Quelle: Isabelle Richter

Oehna. „Man kann Sehen lernen und sich einfühlen in die Dinge“, antwortet Christa Panzner auf die Frage, ob man das Malen überhaupt erlernen könne. Sie muss es schließlich wissen, denn Christa Panzner arbeitete 23 Jahre lang als Kunstlehrerin an der Kunstschule Potsdam, die sie selbst einst mit einem Bildhauer und einer Kunstpädagogin zusammen gründete.

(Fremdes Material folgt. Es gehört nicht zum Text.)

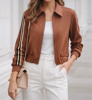 Giacca casual chic da donna, perfetta per un look alla moda. - Design con zip frontale. - Dettagli a contrasto sulle maniche. - Vestibilità comoda.
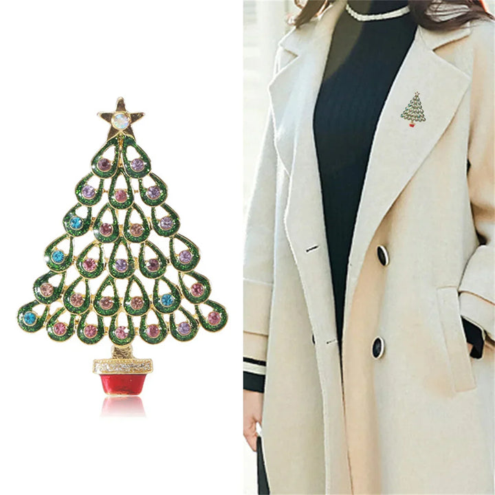 Christmas Tree Rhinestone Brooches Pins

Gemeinsam mit ihrem Ehemann, dem Maler und Grafiker Peter Panzner, öffnete sie am Wochenende ihr Atelier für Kunstinteressierte und Freunde. Die Künstler genossen das Zusammentreffen und den kleinen Plausch mit Kollegen oder ehemaligen Schülern in ihrem Haus in Oehna. Im Garten des Ehepaares und in einem kleinen Trafohäuschen hatten sie ihre Arbeiten ausgestellt. Neben den Bildern der Panzners gab es Gastwerke wie Keramikarbeiten von Regina Stabbert und Bilder von Monica Olias zu sehen.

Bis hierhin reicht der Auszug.